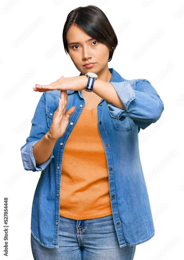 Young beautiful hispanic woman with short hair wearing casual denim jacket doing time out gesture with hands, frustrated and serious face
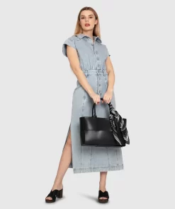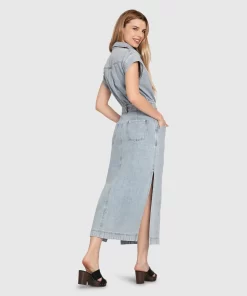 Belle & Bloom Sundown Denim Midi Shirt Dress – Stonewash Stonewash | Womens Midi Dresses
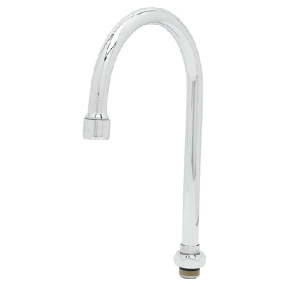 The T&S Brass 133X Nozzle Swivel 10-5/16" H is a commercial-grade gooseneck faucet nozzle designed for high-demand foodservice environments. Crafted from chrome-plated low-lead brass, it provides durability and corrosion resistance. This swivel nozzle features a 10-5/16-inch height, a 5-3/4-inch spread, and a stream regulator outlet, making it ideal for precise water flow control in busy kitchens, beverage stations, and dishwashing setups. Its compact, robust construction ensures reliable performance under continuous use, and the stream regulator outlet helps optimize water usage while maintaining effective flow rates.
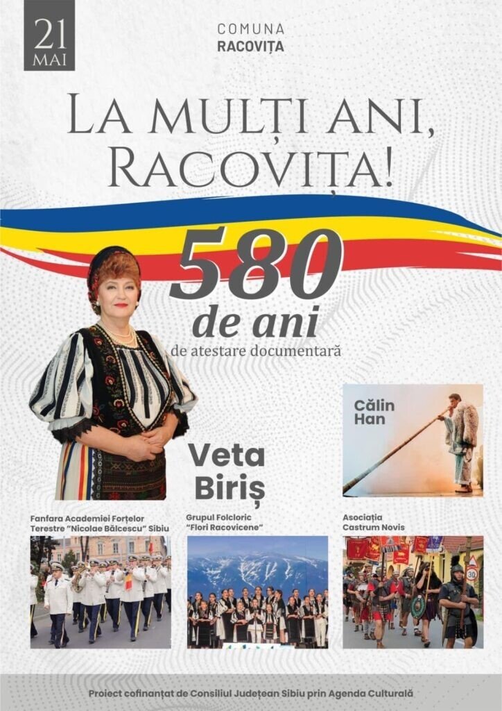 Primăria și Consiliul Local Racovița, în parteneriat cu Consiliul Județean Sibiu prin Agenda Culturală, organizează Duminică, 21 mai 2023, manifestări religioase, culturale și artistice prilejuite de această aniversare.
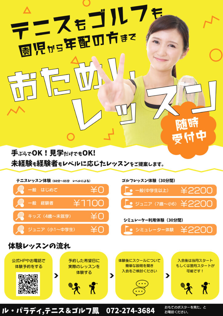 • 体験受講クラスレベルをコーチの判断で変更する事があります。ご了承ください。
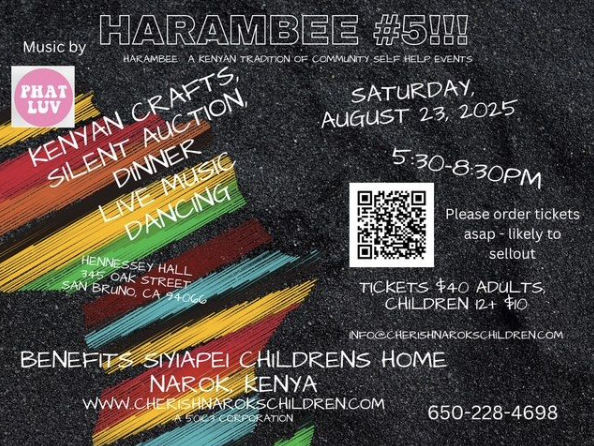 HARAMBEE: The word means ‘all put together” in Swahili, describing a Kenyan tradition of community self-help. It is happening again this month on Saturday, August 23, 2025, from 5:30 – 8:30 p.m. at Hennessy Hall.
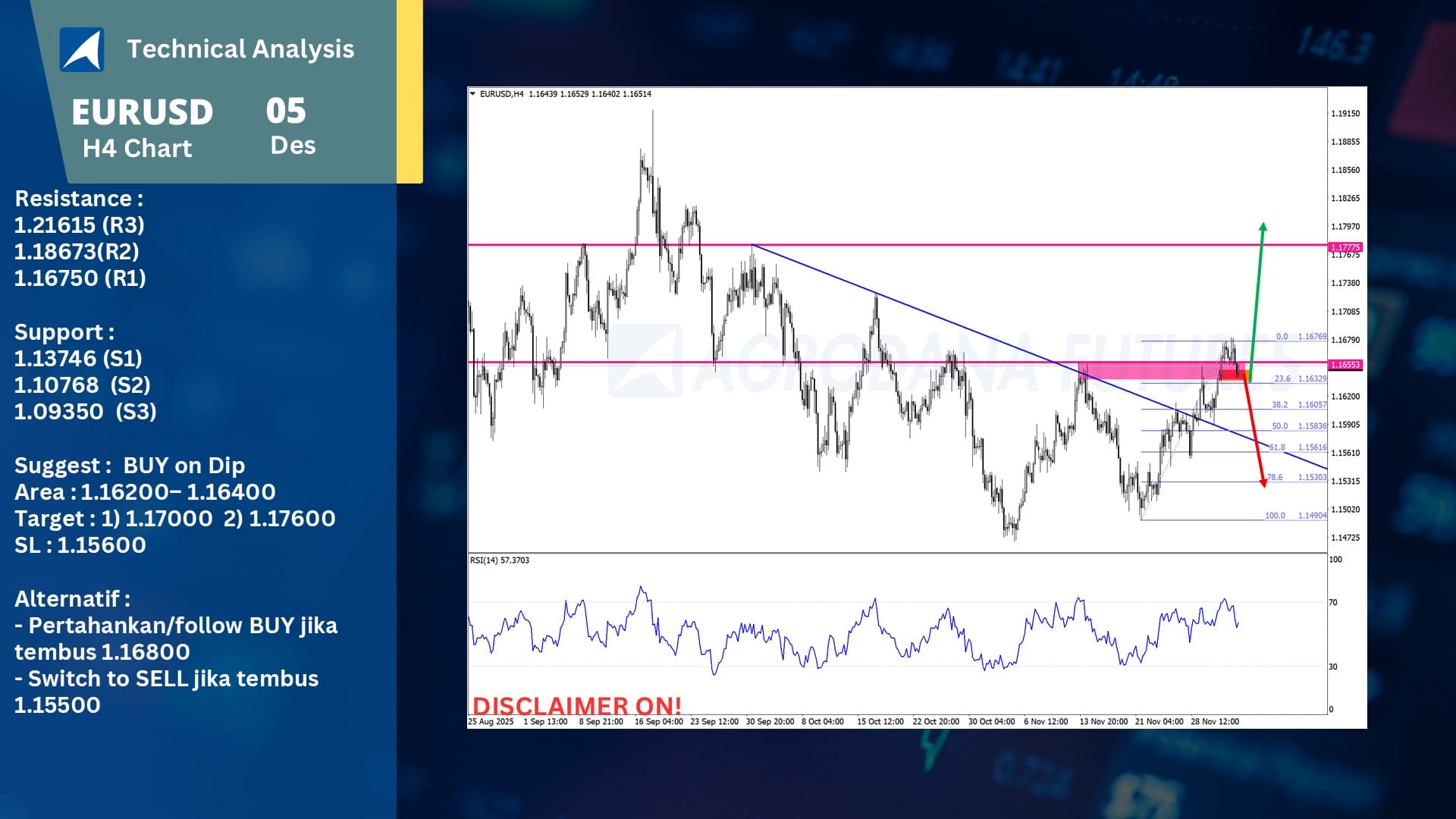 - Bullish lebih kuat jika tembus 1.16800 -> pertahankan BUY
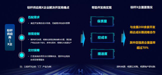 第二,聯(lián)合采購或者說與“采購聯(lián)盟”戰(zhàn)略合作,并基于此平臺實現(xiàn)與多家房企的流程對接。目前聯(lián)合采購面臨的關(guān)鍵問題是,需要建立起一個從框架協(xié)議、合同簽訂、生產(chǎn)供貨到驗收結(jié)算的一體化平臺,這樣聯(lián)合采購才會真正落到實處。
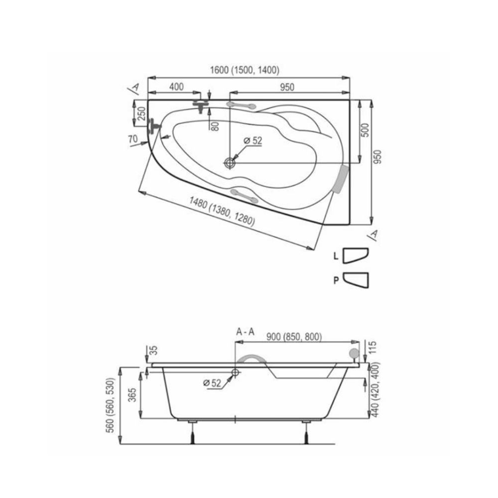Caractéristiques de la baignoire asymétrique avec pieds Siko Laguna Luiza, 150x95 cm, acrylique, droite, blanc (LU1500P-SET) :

▶ [WORK TO BE COMPLETED]
Transcribe each entry above without alteration, but keep the pictures out.

▶ [OUTPUT OF THE EXERCISE]
 Young beautiful hispanic woman with short hair wearing casual denim jacket doing time out gesture with hands, frustrated and serious face
 Belle & Bloom Sundown Denim Midi Shirt Dress – Stonewash Stonewash | Womens Midi Dresses
 The T&S Brass 133X Nozzle Swivel 10-5/16" H is a commercial-grade gooseneck faucet nozzle designed for high-demand foodservice environments. Crafted from chrome-plated low-lead brass, it provides durability and corrosion resistance. This swivel nozzle features a 10-5/16-inch height, a 5-3/4-inch spread, and a stream regulator outlet, making it ideal for precise water flow control in busy kitchens, beverage stations, and dishwashing setups. Its compact, robust construction ensures reliable performance under continuous use, and the stream regulator outlet helps optimize water usage while maintaining effective flow rates.
 Primăria și Consiliul Local Racovița, în parteneriat cu Consiliul Județean Sibiu prin Agenda Culturală, organizează Duminică, 21 mai 2023, manifestări religioase, culturale și artistice prilejuite de această aniversare.
 • 体験受講クラスレベルをコーチの判断で変更する事があります。ご了承ください。
 HARAMBEE: The word means ‘all put together” in Swahili, describing a Kenyan tradition of community self-help. It is happening again this month on Saturday, August 23, 2025, from 5:30 – 8:30 p.m. at Hennessy Hall.
 - Bullish lebih kuat jika tembus 1.16800 -> pertahankan BUY
 第二,聯(lián)合采購或者說與“采購聯(lián)盟”戰(zhàn)略合作,并基于此平臺實現(xiàn)與多家房企的流程對接。目前聯(lián)合采購面臨的關(guān)鍵問題是,需要建立起一個從框架協(xié)議、合同簽訂、生產(chǎn)供貨到驗收結(jié)算的一體化平臺,這樣聯(lián)合采購才會真正落到實處。
Caractéristiques de la baignoire asymétrique avec pieds Siko Laguna Luiza, 150x95 cm, acrylique, droite, blanc (LU1500P-SET) :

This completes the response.